─── DATA EXTRACTS ───

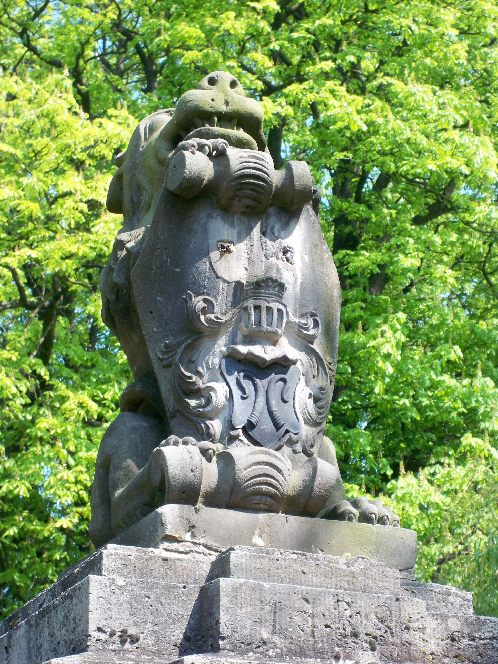 Essenrode, Germany. Entrance gate to Essenrode Castle (detail)
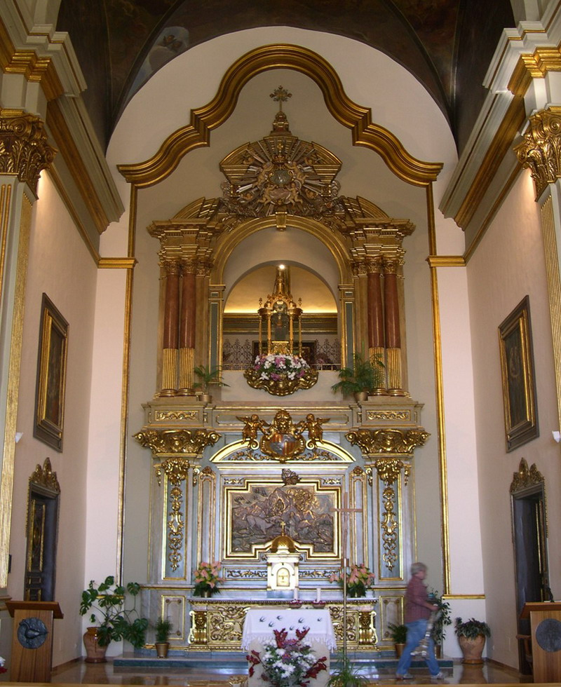 Queralt, Berguedà, Catalonia.
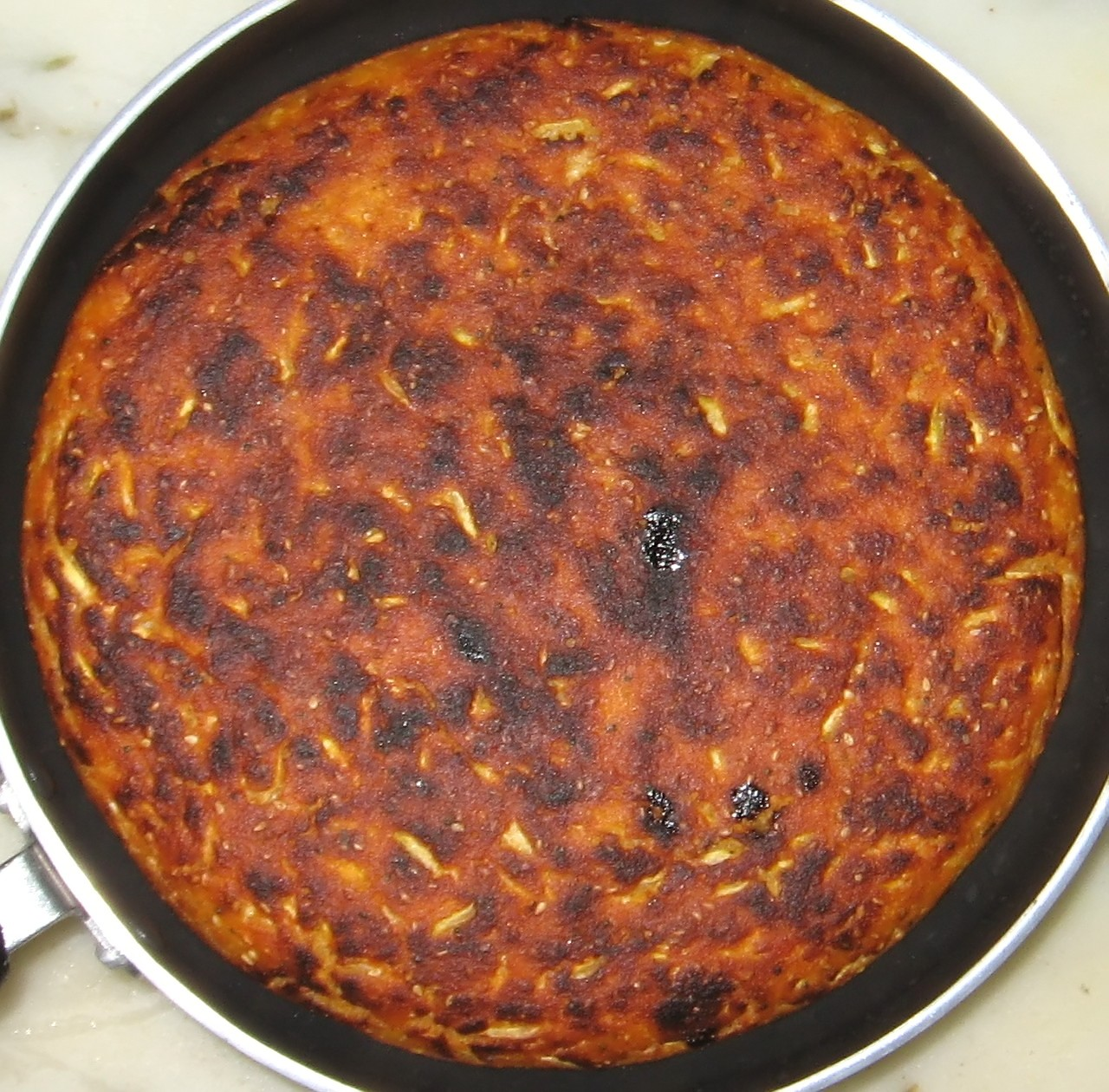 'Handwo' is a sour cake concocted from a mixture of rice and gram flour, curd, fine potato chips, fried onion pieces and all spices of the East.
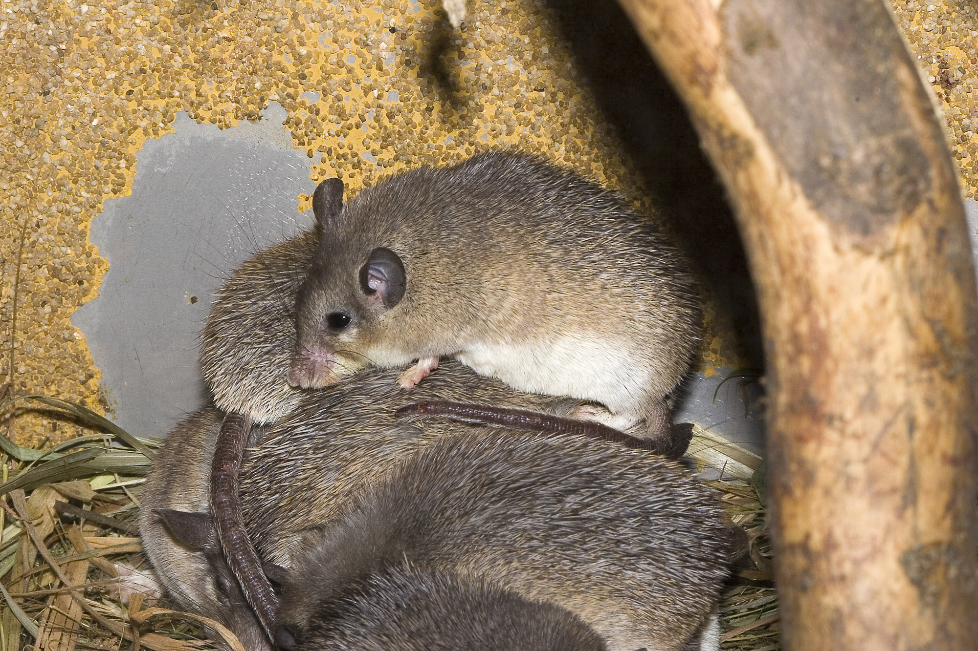 Asia Minor Spiny Mouse, Acomys cilicicus
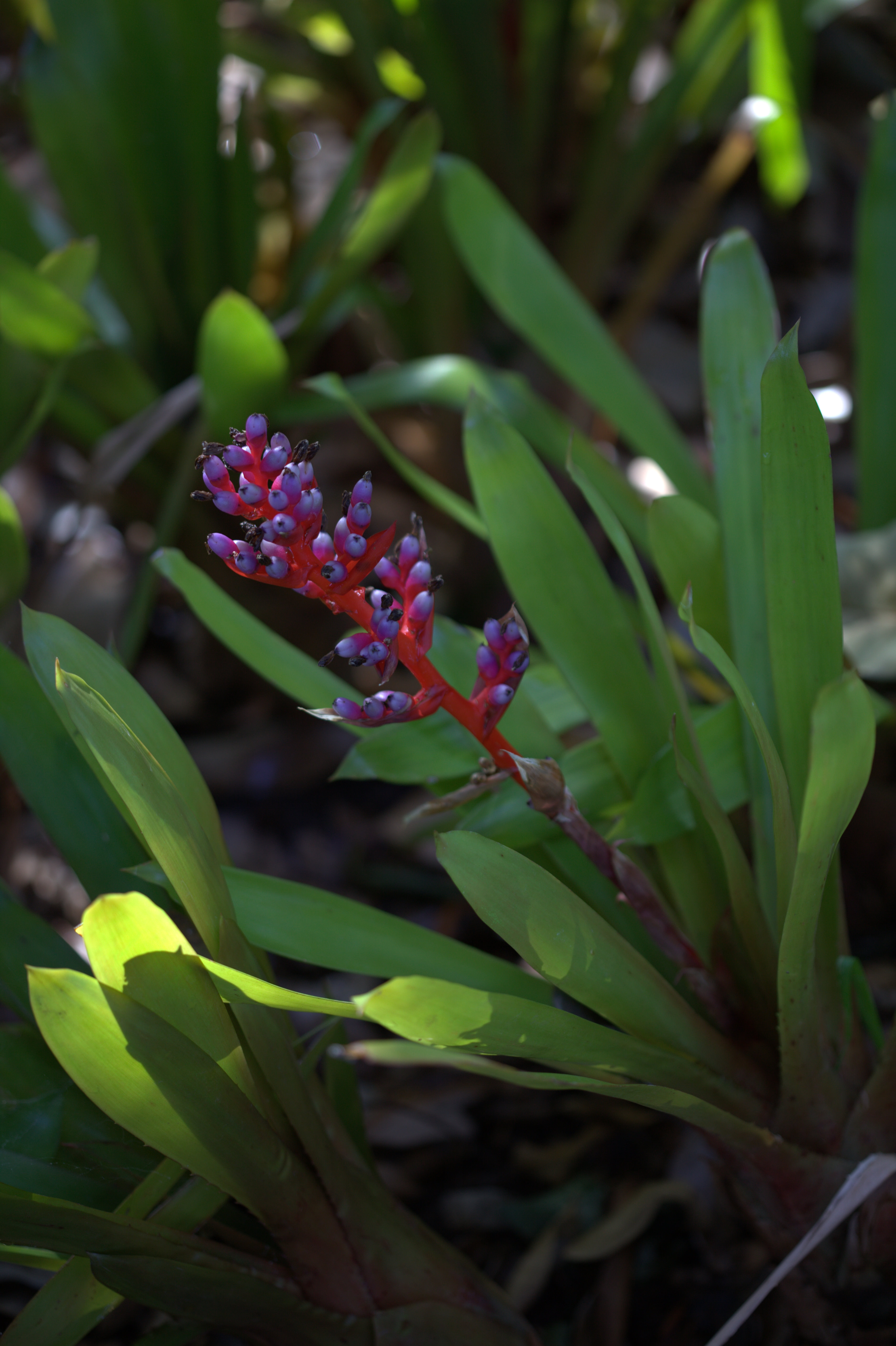 Aechmea weilbachii in Tenerife botanical garden
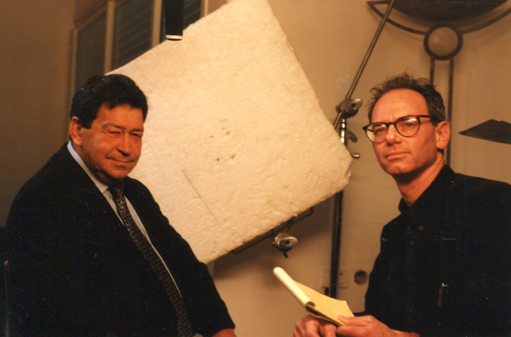 Ahron Bregman and Binyamin Ben-Eliezer, 1997
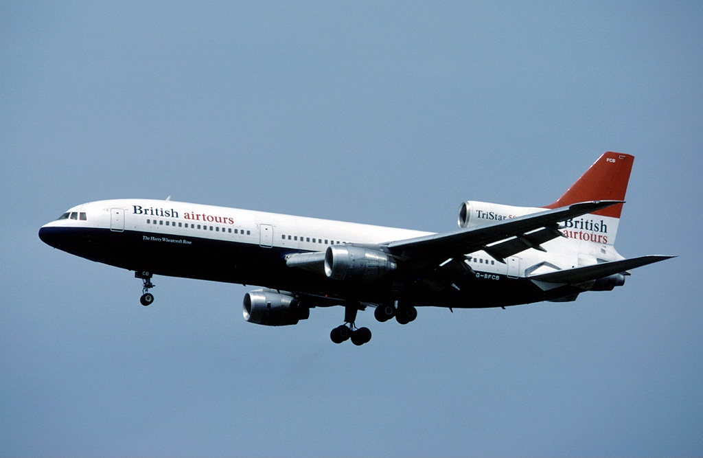 British Airtours Lockheed L-1011-385-3 TriStar 1 G-BFCB The Harry Wheatcraft Rose at London Gatwick Airport

───

◆ **ACTION ITEM**: Once the pictures are set aside, reproduce the records in full and exactly.

◆ **OUTPUT**:
 Essenrode, Germany. Entrance gate to Essenrode Castle (detail)
 Queralt, Berguedà, Catalonia.
 'Handwo' is a sour cake concocted from a mixture of rice and gram flour, curd, fine potato chips, fried onion pieces and all spices of the East.
 Asia Minor Spiny Mouse, Acomys cilicicus
 Aechmea weilbachii in Tenerife botanical garden
 Ahron Bregman and Binyamin Ben-Eliezer, 1997
 British Airtours Lockheed L-1011-385-3 TriStar 1 G-BFCB The Harry Wheatcraft Rose at London Gatwick Airport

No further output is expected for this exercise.